▶ **WHAT IS EXPECTED**
Reproduce verbatim the lines of the material below, starting at the line with "男士运动裤秋冬季2025新款直筒宽松长裤加绒运动灯芯绒卫裤子休闲" and ending at the line with "Simple Bar Necklace", both inclusive; skip the rest.

▶ **PROVIDED ENTRIES**
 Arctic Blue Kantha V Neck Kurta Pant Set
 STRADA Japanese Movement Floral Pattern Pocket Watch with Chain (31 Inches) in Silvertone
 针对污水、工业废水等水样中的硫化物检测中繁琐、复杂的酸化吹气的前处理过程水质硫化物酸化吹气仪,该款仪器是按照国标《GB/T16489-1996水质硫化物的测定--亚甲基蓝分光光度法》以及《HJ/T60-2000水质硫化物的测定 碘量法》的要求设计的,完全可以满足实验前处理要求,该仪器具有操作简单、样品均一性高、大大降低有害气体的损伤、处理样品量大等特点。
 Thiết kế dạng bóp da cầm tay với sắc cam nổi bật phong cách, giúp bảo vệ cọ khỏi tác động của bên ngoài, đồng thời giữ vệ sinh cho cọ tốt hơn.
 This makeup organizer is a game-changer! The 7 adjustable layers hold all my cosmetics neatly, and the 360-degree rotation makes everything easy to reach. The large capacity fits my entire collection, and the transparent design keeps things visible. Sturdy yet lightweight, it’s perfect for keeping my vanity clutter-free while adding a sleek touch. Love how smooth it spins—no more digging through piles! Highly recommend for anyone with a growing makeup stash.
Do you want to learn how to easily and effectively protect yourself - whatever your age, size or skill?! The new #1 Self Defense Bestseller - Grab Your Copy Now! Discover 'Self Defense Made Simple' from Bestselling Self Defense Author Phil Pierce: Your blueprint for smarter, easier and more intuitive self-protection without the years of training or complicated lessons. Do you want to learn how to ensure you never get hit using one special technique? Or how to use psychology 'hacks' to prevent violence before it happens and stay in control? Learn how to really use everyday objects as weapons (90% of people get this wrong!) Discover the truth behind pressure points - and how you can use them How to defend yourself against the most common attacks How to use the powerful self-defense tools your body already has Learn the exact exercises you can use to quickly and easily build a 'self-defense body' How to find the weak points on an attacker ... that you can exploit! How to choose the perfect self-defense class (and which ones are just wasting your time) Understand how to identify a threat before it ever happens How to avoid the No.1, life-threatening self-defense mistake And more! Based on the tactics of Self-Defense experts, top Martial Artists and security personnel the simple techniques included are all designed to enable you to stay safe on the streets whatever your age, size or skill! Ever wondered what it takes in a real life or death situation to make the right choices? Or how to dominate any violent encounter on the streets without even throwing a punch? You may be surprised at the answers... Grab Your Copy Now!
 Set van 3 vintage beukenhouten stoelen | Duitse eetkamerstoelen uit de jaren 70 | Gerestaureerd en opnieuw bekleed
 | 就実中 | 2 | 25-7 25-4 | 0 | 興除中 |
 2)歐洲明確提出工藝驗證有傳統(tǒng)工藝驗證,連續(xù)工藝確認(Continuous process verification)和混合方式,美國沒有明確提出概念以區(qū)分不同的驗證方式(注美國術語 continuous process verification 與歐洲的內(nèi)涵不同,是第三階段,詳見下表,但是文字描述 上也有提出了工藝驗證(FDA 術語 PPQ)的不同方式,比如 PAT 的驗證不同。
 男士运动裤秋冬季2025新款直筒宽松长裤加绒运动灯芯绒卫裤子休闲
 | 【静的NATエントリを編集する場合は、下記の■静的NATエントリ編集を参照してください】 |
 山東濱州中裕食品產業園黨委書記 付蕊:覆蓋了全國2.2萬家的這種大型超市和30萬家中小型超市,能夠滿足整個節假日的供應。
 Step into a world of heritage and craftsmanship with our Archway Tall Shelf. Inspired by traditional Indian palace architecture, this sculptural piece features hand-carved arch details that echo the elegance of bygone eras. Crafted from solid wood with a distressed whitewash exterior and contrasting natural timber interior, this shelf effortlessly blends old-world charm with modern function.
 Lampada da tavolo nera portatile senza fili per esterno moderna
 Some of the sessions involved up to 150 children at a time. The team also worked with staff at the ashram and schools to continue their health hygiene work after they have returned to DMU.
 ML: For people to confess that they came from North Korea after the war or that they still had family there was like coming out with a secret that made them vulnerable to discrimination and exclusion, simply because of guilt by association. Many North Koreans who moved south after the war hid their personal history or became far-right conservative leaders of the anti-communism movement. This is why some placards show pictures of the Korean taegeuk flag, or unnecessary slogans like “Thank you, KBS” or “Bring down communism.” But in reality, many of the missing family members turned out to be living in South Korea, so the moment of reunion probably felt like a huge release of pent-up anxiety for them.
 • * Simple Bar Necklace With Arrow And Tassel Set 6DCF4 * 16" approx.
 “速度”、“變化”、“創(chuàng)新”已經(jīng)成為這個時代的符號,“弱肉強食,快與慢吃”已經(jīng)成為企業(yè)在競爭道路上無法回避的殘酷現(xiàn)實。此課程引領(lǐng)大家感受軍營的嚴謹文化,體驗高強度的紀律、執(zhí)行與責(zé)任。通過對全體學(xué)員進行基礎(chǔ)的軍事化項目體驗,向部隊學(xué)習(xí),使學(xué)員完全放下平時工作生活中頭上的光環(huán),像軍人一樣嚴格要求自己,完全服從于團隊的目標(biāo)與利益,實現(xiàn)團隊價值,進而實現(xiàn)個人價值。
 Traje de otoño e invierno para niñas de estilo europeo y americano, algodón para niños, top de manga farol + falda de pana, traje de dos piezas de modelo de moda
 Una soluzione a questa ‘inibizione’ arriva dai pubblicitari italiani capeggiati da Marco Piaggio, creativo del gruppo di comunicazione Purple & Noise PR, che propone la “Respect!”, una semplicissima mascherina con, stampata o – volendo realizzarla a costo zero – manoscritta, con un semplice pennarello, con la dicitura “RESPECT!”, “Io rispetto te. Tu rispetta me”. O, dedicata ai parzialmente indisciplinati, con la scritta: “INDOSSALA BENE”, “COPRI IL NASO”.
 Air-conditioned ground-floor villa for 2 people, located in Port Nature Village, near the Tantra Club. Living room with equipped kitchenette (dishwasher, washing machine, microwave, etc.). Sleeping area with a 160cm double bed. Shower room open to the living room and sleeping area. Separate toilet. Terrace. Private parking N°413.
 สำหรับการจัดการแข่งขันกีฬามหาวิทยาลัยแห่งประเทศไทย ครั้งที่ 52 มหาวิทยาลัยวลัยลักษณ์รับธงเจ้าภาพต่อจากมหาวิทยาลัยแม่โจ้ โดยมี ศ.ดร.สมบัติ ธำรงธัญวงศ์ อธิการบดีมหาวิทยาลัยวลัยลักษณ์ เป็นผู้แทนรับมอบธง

▶ **FINAL ANSWER**
 男士运动裤秋冬季2025新款直筒宽松长裤加绒运动灯芯绒卫裤子休闲
 | 【静的NATエントリを編集する場合は、下記の■静的NATエントリ編集を参照してください】 |
 山東濱州中裕食品產業園黨委書記 付蕊:覆蓋了全國2.2萬家的這種大型超市和30萬家中小型超市,能夠滿足整個節假日的供應。
 Step into a world of heritage and craftsmanship with our Archway Tall Shelf. Inspired by traditional Indian palace architecture, this sculptural piece features hand-carved arch details that echo the elegance of bygone eras. Crafted from solid wood with a distressed whitewash exterior and contrasting natural timber interior, this shelf effortlessly blends old-world charm with modern function.
 Lampada da tavolo nera portatile senza fili per esterno moderna
 Some of the sessions involved up to 150 children at a time. The team also worked with staff at the ashram and schools to continue their health hygiene work after they have returned to DMU.
 ML: For people to confess that they came from North Korea after the war or that they still had family there was like coming out with a secret that made them vulnerable to discrimination and exclusion, simply because of guilt by association. Many North Koreans who moved south after the war hid their personal history or became far-right conservative leaders of the anti-communism movement. This is why some placards show pictures of the Korean taegeuk flag, or unnecessary slogans like “Thank you, KBS” or “Bring down communism.” But in reality, many of the missing family members turned out to be living in South Korea, so the moment of reunion probably felt like a huge release of pent-up anxiety for them.
 • * Simple Bar Necklace With Arrow And Tassel Set 6DCF4 * 16" approx.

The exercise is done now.